Frutos María Martínez (born 21 January 1959) is a Spanish sculptor and painter. He lives and works in Alicante, Spain.

Biography 
Frutos María Martínez was born in Hontoria de Valdearados, in the province of Burgos, Spain. He began sculpting and painting from an early age, building his own toys and gimmicks, thus showcasing an artisting inclination and interest in manual tasks.

At the age of 10, he began selling his creations and decorative objects in his immediate circle. Later, at the age of 15 he became a student at the "La Sindical", a trade school in Aranda de Duero where he specializes in "Industrial Mastery" with emphasis on metallurgy.

In 1986, at the age of 27, Frutos moved with his family to Alicante, Valencia, where he met Juan Guardiola Gaya, an architect and plastic artist who became his mentor.
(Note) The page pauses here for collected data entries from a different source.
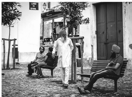
Fot. 3. Nowe zagospodarowanie skweru Largo da Severa. Wprowadzenie zieleni i elementów umeblovania przestrzeni publicznej zostało bardzo dobrze przyjęte przez mieszkańców dzielnicy

Ankieta przeprowadzona przez Bettencourt i Castro na próbie 22 osób, składającej się z 14 „tradycyjnych” mieszkańców, 6 „nowych” mieszkańców nazwanych gentryfiers oraz 2 imigrantów [Bettencourt, Castro 2015] pokazuje, że silnie odczuwalna jest niewystarczająca, w opinii mieszkańców, konsultacja miasta w kwestii założeń projektu i działań rehabilitacyjnych, co sprawia, że nie czują się oni w dużej mierze adresatami wprowadzanych zmian. Widoczna postępująca gentryfikacja oraz zwiększona liczba biznesów prowadzonych przez imigrantów budzi wśród ankietowanych obawy dotyczące utraty tradycyjnej tożsamości dzielnicy. Ankieta przeprowadzona przez autorkę na potrzeby prezentowanego opracowania na próbie 49 osób (21 pochodzenia portugalskiego, 28 imigrantów) pokazuje również duże zróżnicowanie w odbiorze prowadzonych działań – jakkolwiek kierowanie oficjalnej tożsamości dzielnicy w stronę związaną z tradycją fado jest bardzo dobrze odbierane, pozostałe działania są odbierane w sposób zdecydowanie bardziej negatywny wśród starszej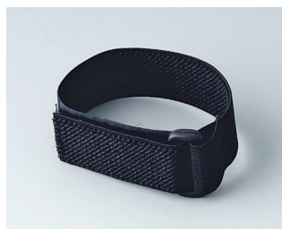
B9100033 Bracelet noir 280mm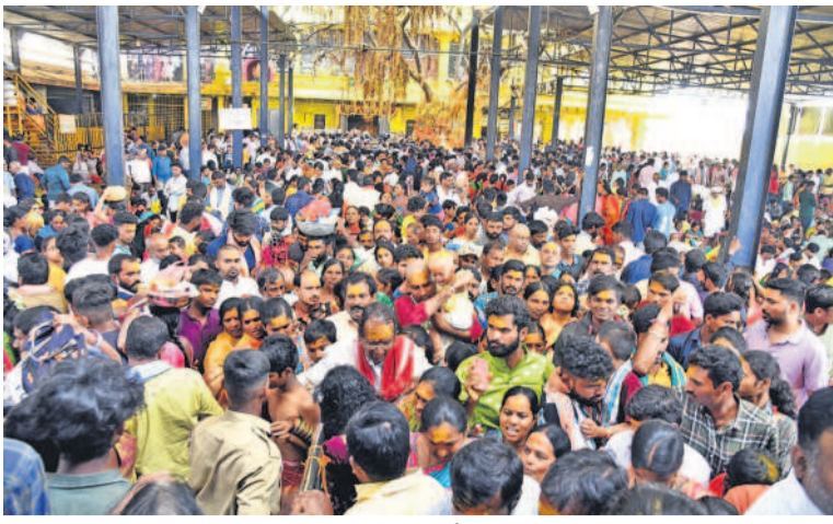
కొమురవెల్లి మల్లన్న ఆలయ గంగేరి చెట్టు వద్ద భక్తుల రద్దీ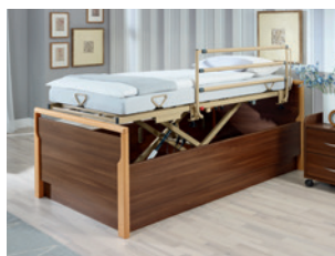
adaptierbare Seitensicherung in Kombination mit Lippe IV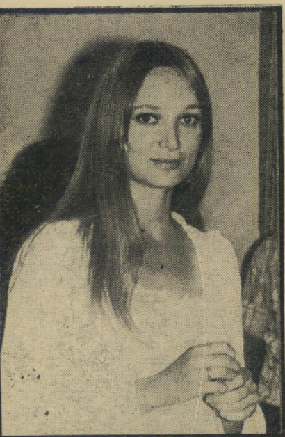
שוטרת עתידה מינקר

בדרך-כלל הוא מצייר אחרי שהוא רואה את התמונה בראשו. לפעמים קורה ש"כשהוא מביע את רעיונו על הבר, משת"

Guardiola Gaya introduced Frutos to the circle of artists, galleries and exhibitions of Alicante.

Work 
The artistic style and trajectory of Frutos María Martínez is marked by an environmental concern with a focus on the pollution and damage caused by discarded garbage in the ecosystems of the seas and oceans

"Many things are thrown into the sea that should not end up there, and we have to be aware that it is bad for wildlife, as well as humans. I make works of art out of rusty metal sheets and tarpaulins, for example."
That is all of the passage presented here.